→ WORK REQUIRED: Your copy should repeat each record below exactly and contain no images.

↓↓↓

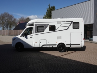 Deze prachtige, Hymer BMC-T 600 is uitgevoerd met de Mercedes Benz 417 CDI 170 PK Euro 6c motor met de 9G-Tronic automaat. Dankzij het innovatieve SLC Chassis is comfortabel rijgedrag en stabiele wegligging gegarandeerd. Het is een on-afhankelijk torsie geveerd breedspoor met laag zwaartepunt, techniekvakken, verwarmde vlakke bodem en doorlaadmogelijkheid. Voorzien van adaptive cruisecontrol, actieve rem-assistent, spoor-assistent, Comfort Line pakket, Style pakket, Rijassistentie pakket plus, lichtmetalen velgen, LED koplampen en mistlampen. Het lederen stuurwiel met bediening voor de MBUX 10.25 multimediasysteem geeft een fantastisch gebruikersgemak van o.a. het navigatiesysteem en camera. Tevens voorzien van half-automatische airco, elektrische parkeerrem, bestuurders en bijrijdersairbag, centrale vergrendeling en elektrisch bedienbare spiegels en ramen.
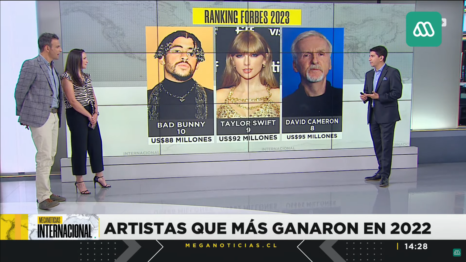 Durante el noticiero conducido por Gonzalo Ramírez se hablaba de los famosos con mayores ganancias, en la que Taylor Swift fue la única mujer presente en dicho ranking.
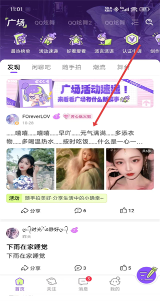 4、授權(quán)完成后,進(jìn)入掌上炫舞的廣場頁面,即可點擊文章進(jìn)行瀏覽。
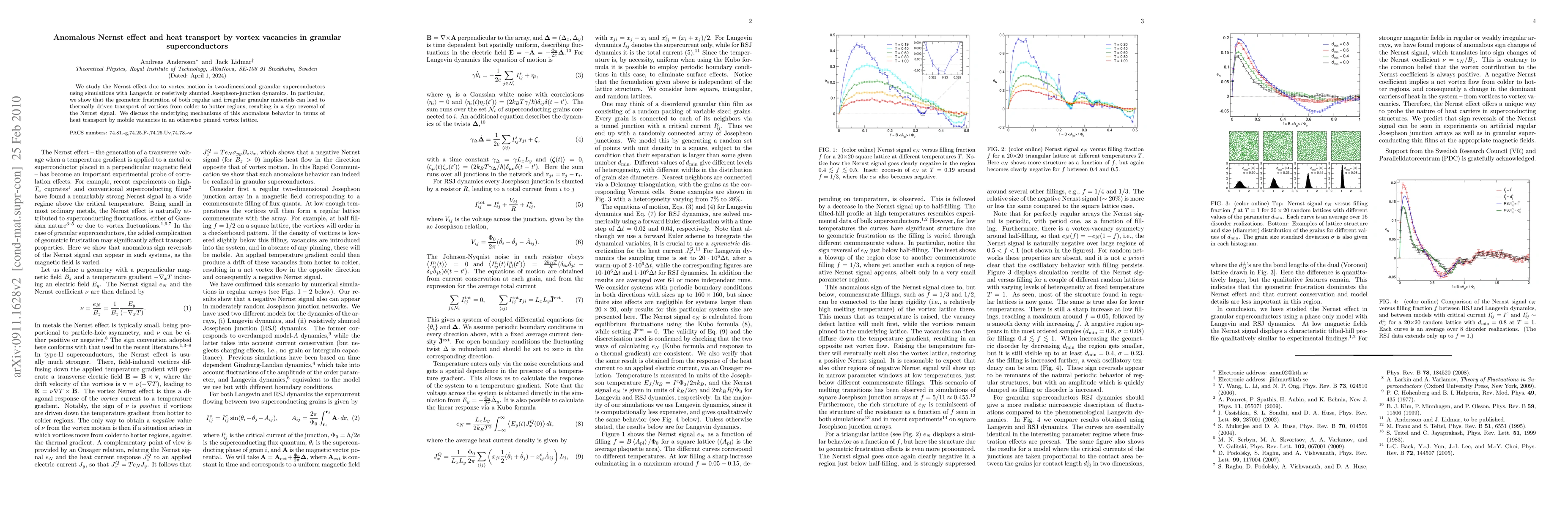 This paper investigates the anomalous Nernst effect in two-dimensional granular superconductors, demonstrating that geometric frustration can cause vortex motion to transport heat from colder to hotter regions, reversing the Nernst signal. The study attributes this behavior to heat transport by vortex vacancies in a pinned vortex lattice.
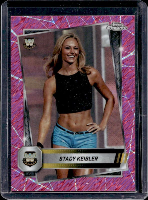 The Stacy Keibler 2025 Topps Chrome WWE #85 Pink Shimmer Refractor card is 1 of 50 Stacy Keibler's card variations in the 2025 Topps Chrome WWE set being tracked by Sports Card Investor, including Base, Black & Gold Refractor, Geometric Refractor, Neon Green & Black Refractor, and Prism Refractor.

↑↑↑

→ WRITTEN ANSWER:
 Deze prachtige, Hymer BMC-T 600 is uitgevoerd met de Mercedes Benz 417 CDI 170 PK Euro 6c motor met de 9G-Tronic automaat. Dankzij het innovatieve SLC Chassis is comfortabel rijgedrag en stabiele wegligging gegarandeerd. Het is een on-afhankelijk torsie geveerd breedspoor met laag zwaartepunt, techniekvakken, verwarmde vlakke bodem en doorlaadmogelijkheid. Voorzien van adaptive cruisecontrol, actieve rem-assistent, spoor-assistent, Comfort Line pakket, Style pakket, Rijassistentie pakket plus, lichtmetalen velgen, LED koplampen en mistlampen. Het lederen stuurwiel met bediening voor de MBUX 10.25 multimediasysteem geeft een fantastisch gebruikersgemak van o.a. het navigatiesysteem en camera. Tevens voorzien van half-automatische airco, elektrische parkeerrem, bestuurders en bijrijdersairbag, centrale vergrendeling en elektrisch bedienbare spiegels en ramen.
 Durante el noticiero conducido por Gonzalo Ramírez se hablaba de los famosos con mayores ganancias, en la que Taylor Swift fue la única mujer presente en dicho ranking.
 4、授權(quán)完成后,進(jìn)入掌上炫舞的廣場頁面,即可點擊文章進(jìn)行瀏覽。
 This paper investigates the anomalous Nernst effect in two-dimensional granular superconductors, demonstrating that geometric frustration can cause vortex motion to transport heat from colder to hotter regions, reversing the Nernst signal. The study attributes this behavior to heat transport by vortex vacancies in a pinned vortex lattice.
 The Stacy Keibler 2025 Topps Chrome WWE #85 Pink Shimmer Refractor card is 1 of 50 Stacy Keibler's card variations in the 2025 Topps Chrome WWE set being tracked by Sports Card Investor, including Base, Black & Gold Refractor, Geometric Refractor, Neon Green & Black Refractor, and Prism Refractor.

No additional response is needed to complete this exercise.